------ Source material ------

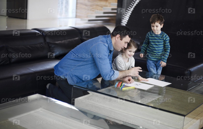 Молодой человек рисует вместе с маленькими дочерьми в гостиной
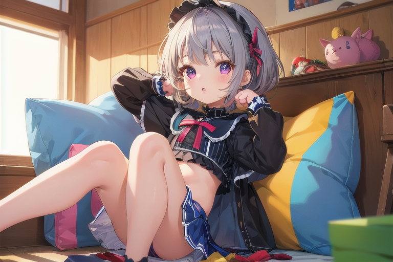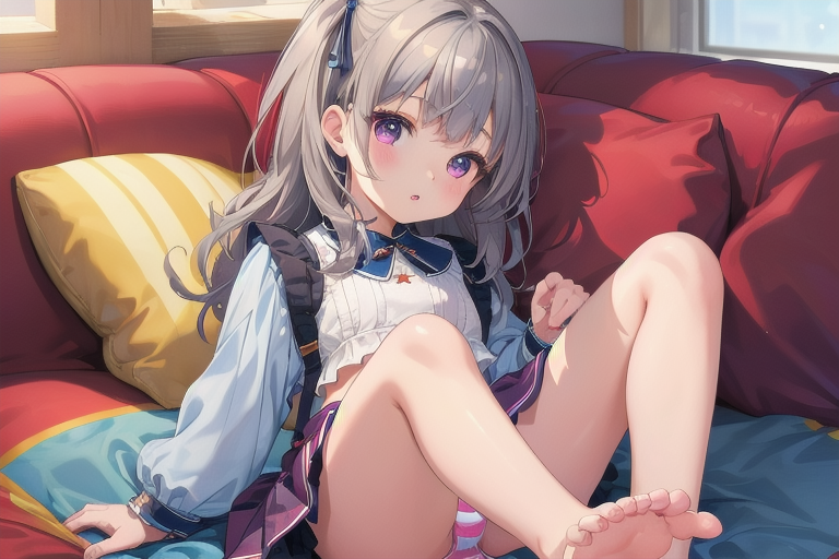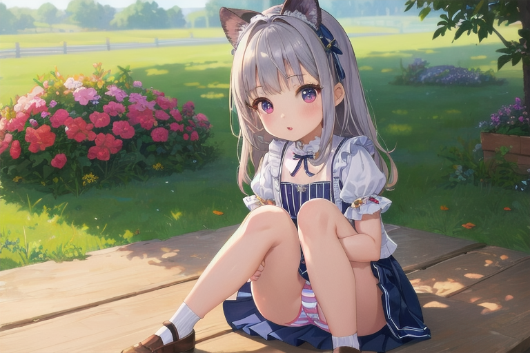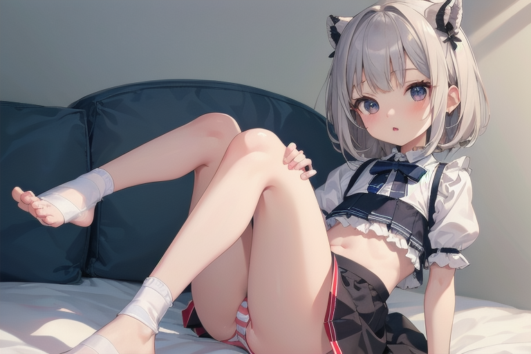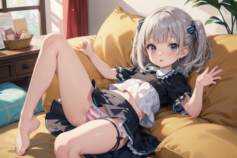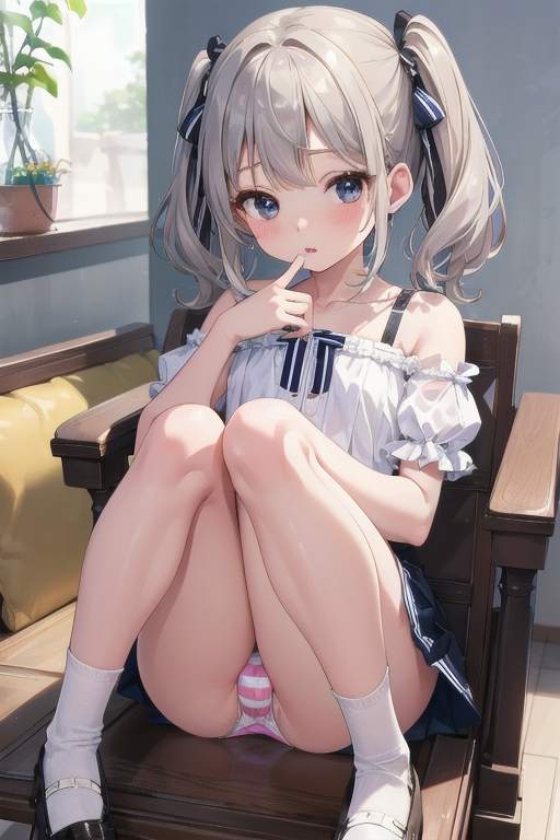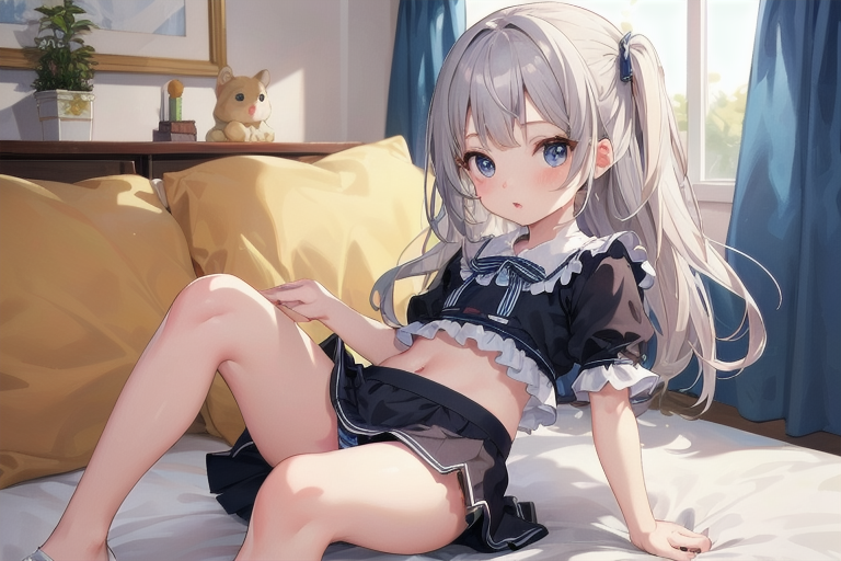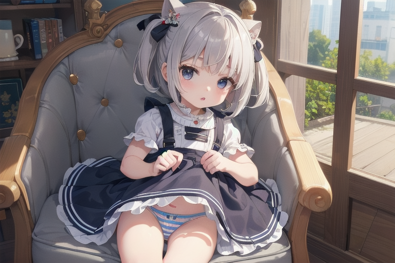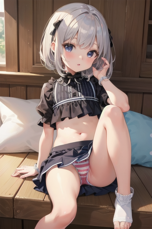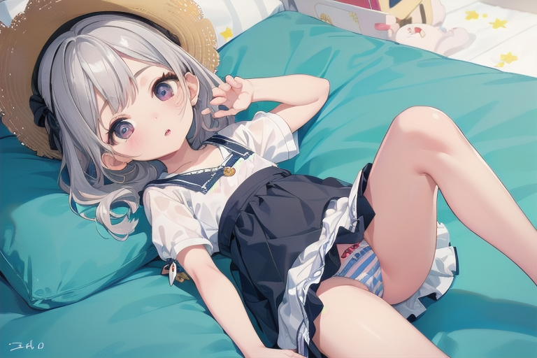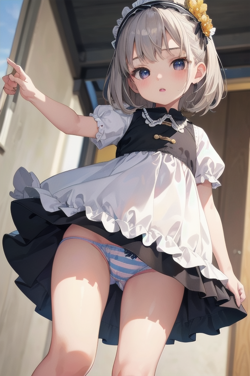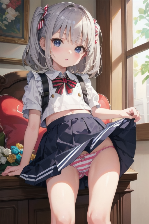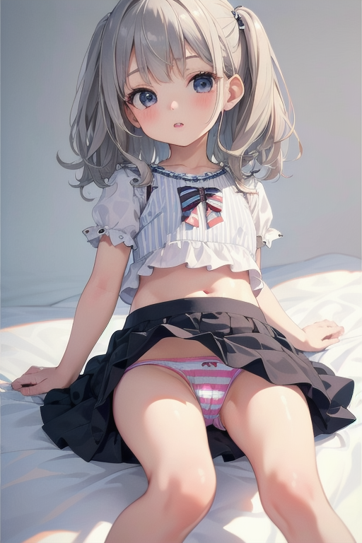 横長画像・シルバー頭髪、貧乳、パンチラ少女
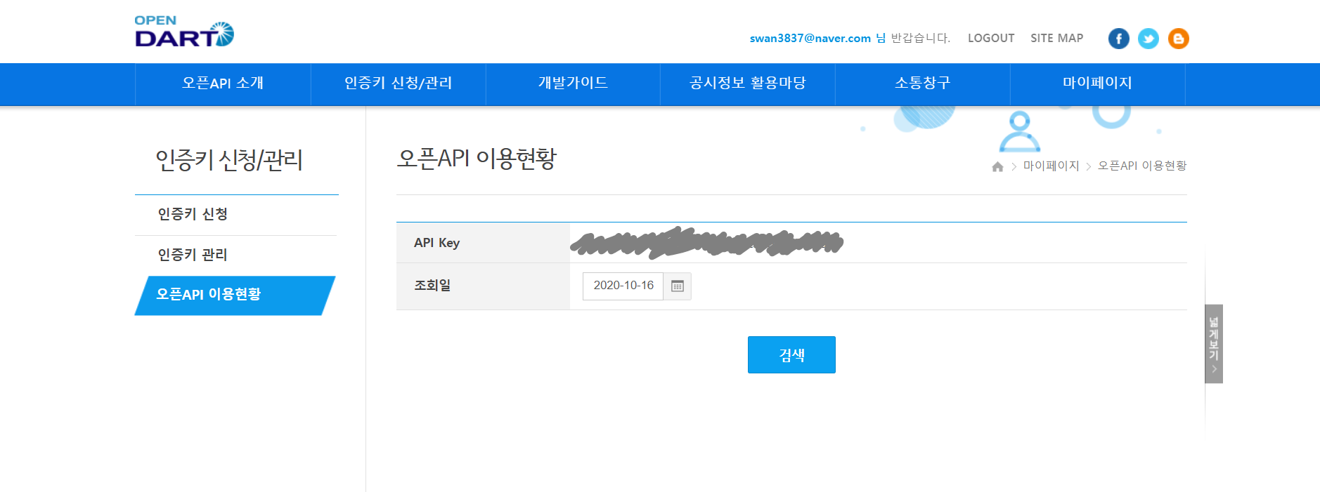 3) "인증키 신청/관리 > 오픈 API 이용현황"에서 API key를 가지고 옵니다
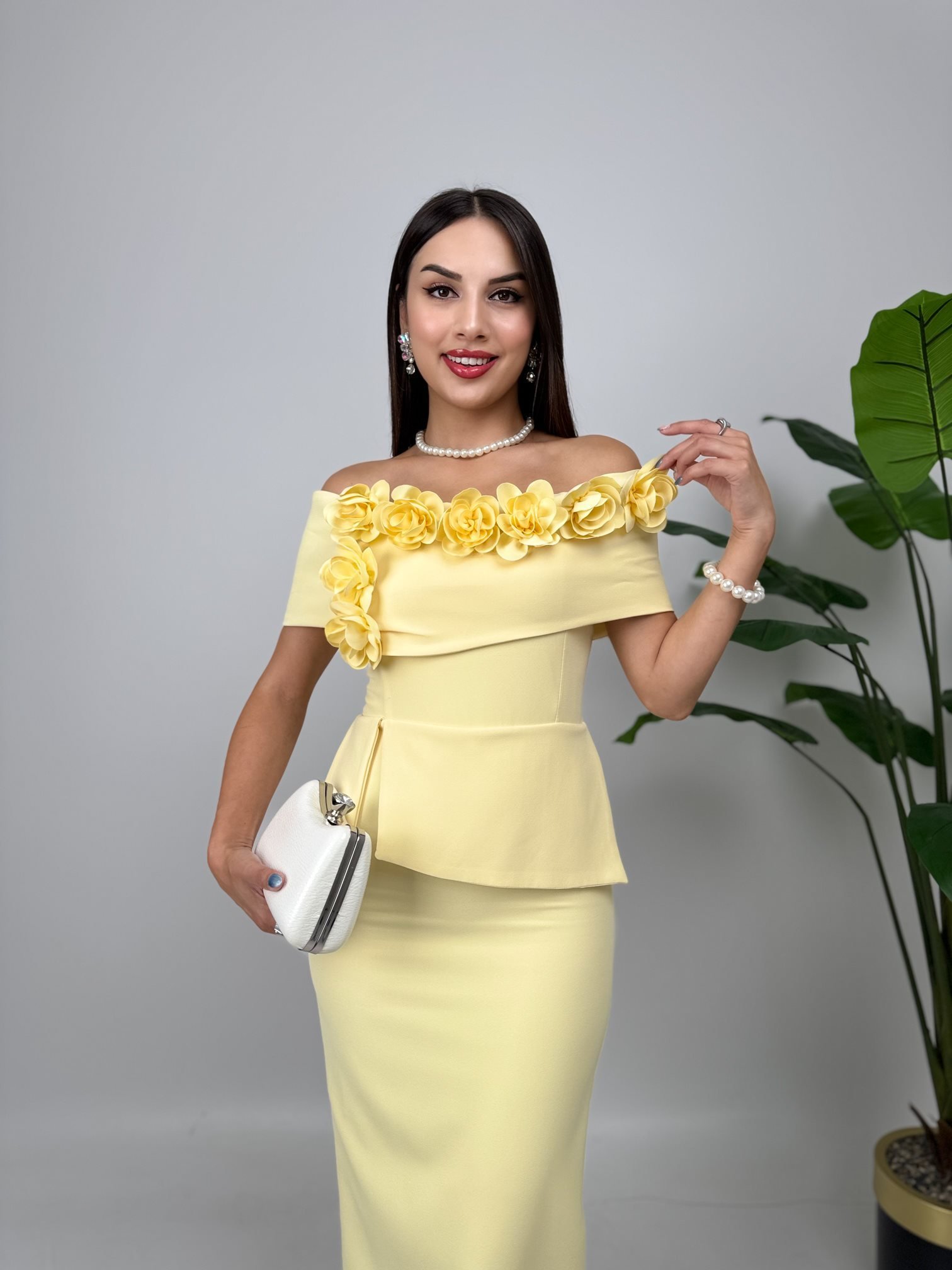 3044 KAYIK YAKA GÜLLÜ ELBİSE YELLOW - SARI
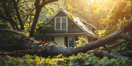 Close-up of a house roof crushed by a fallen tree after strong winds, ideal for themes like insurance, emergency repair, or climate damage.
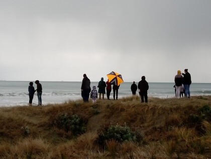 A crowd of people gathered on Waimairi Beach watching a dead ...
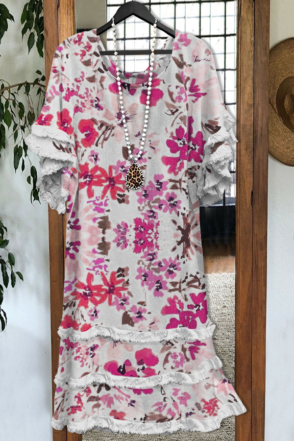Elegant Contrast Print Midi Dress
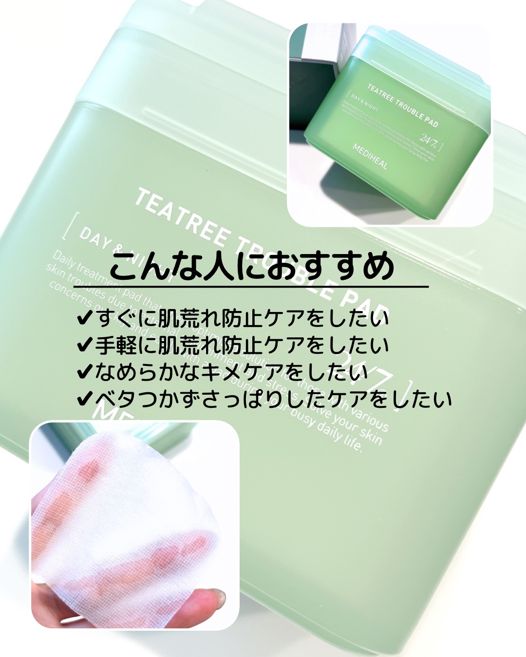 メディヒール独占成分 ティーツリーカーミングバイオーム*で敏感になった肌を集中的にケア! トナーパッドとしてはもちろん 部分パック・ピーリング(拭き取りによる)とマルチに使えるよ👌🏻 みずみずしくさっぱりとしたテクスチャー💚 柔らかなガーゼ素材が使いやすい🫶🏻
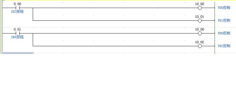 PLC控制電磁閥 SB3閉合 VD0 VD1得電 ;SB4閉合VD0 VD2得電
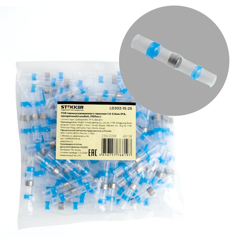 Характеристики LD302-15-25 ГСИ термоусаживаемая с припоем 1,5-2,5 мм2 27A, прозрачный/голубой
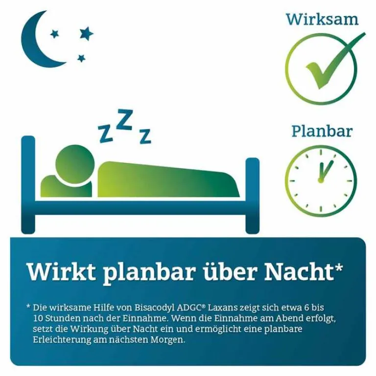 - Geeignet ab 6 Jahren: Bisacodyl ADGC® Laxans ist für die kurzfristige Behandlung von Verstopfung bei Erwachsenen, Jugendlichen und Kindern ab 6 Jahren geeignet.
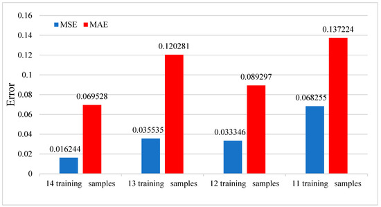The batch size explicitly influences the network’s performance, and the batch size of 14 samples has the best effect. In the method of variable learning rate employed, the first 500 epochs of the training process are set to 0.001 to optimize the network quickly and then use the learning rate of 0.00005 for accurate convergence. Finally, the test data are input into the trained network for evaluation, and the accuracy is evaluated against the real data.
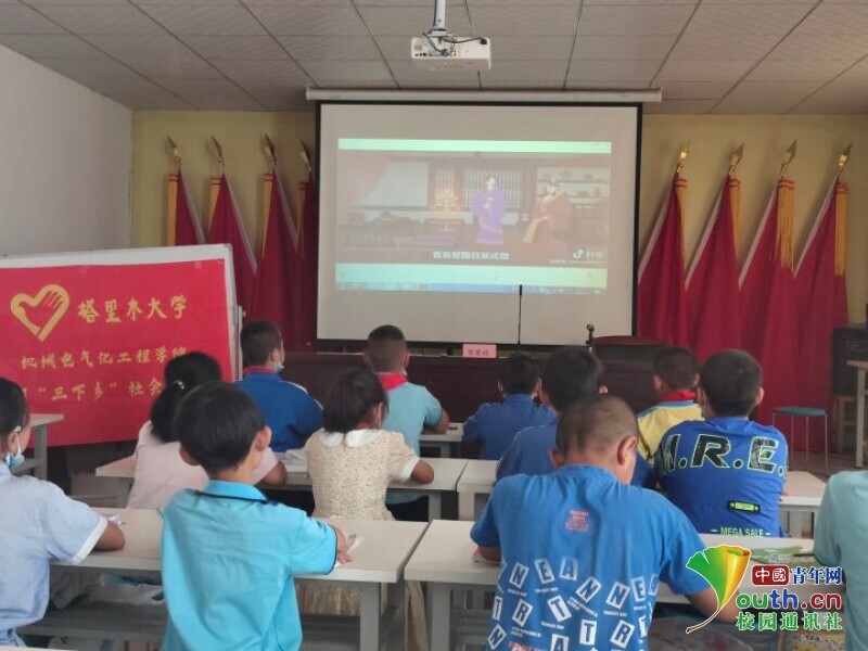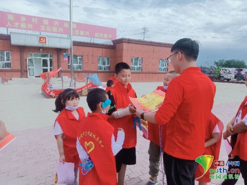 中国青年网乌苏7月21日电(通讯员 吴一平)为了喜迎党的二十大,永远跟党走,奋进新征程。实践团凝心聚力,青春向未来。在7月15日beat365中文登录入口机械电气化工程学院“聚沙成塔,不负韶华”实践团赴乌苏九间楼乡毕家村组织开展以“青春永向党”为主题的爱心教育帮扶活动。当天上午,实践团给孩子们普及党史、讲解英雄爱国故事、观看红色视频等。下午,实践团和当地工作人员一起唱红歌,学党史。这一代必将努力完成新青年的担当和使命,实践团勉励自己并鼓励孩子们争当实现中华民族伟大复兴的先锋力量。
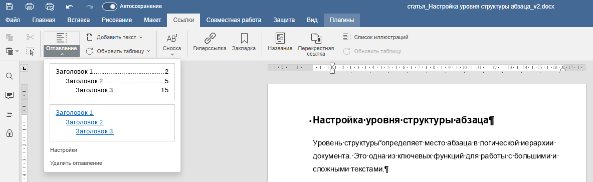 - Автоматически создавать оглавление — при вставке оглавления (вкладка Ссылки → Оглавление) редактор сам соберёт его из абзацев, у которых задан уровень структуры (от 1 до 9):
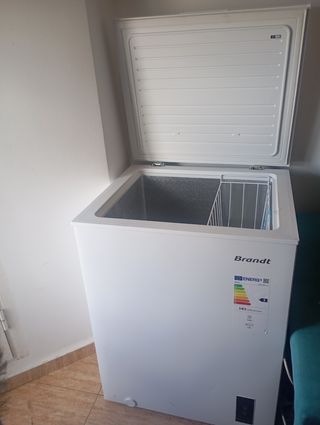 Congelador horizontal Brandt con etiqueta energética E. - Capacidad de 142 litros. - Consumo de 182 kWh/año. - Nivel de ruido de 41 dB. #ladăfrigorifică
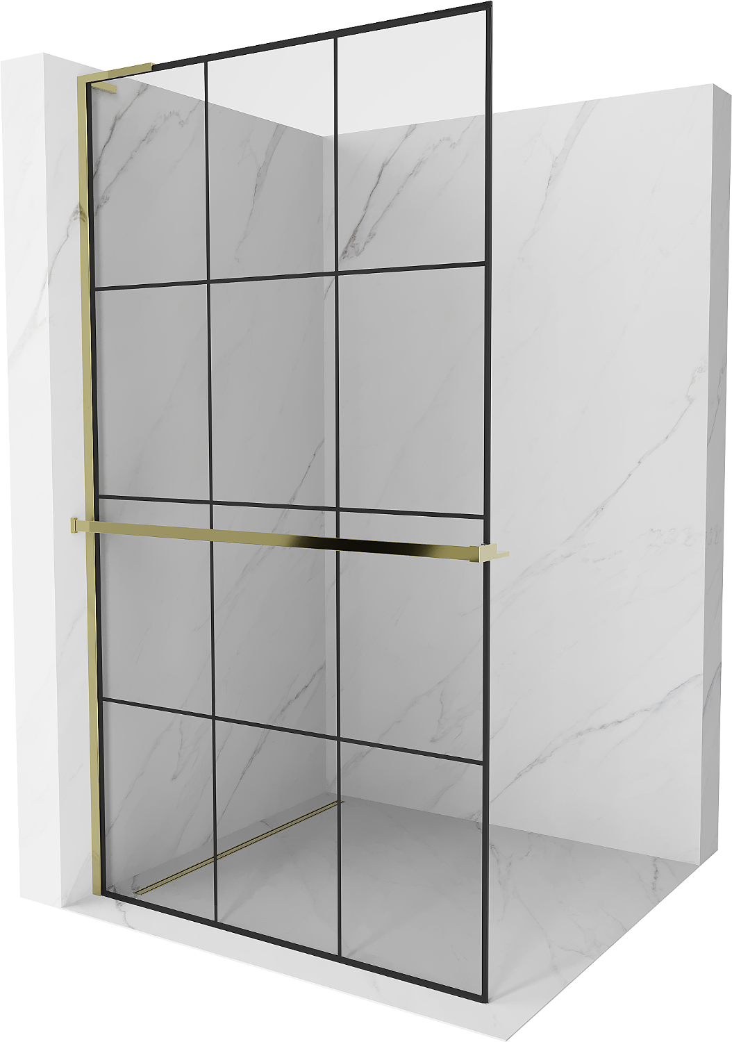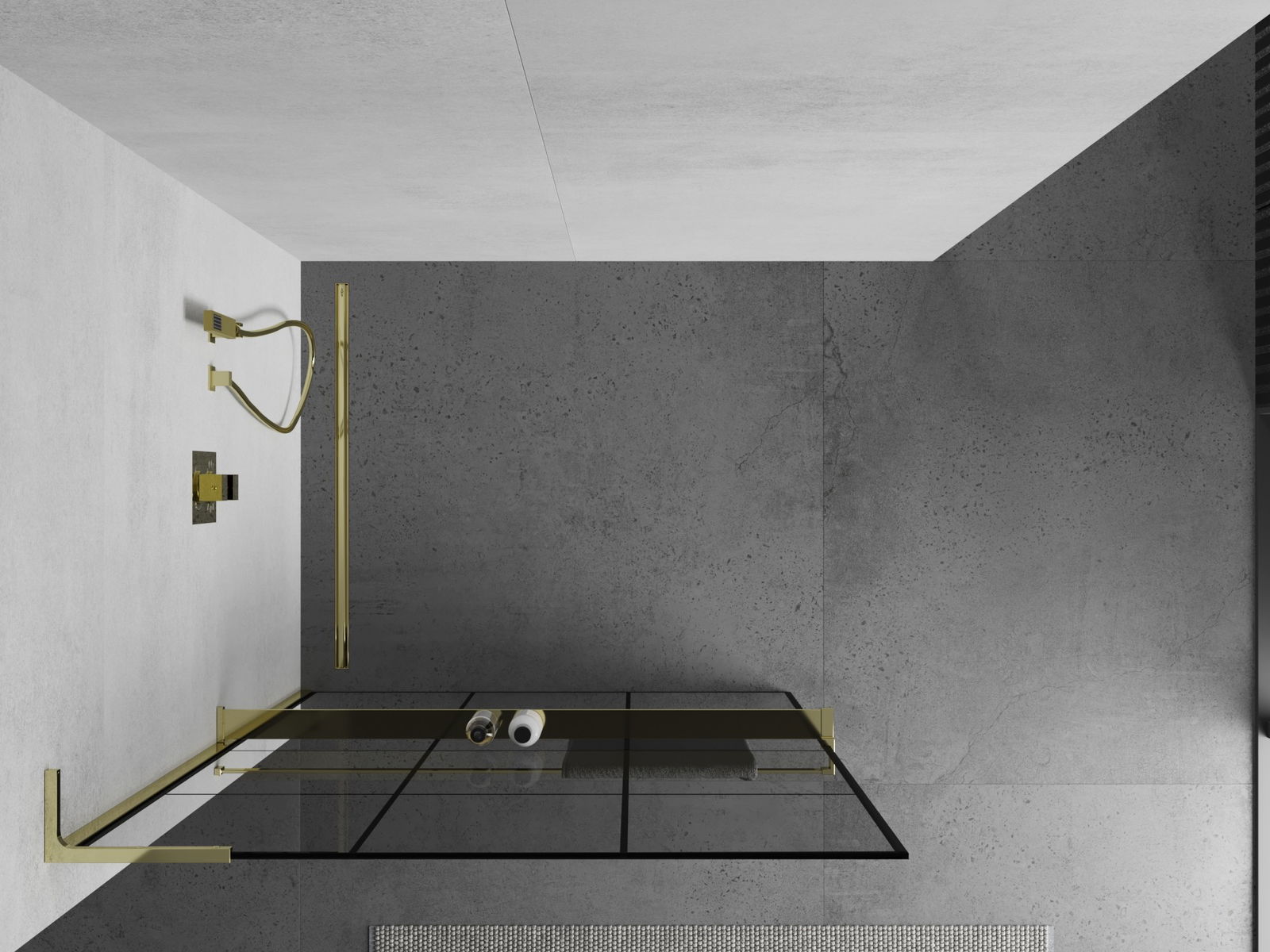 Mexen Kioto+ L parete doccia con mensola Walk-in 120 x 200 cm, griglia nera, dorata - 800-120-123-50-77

------

Work to be completed :: Would you write out exactly the lines above, starting at the line containing "PLC控制電磁閥 SB3閉合 VD0 VD1得電 ;SB4閉合VD0 VD2得電" and stopping after the line containing "- Geeignet ab"? Omit the pictures.

Response ::
 PLC控制電磁閥 SB3閉合 VD0 VD1得電 ;SB4閉合VD0 VD2得電
 Характеристики LD302-15-25 ГСИ термоусаживаемая с припоем 1,5-2,5 мм2 27A, прозрачный/голубой
 - Geeignet ab 6 Jahren: Bisacodyl ADGC® Laxans ist für die kurzfristige Behandlung von Verstopfung bei Erwachsenen, Jugendlichen und Kindern ab 6 Jahren geeignet.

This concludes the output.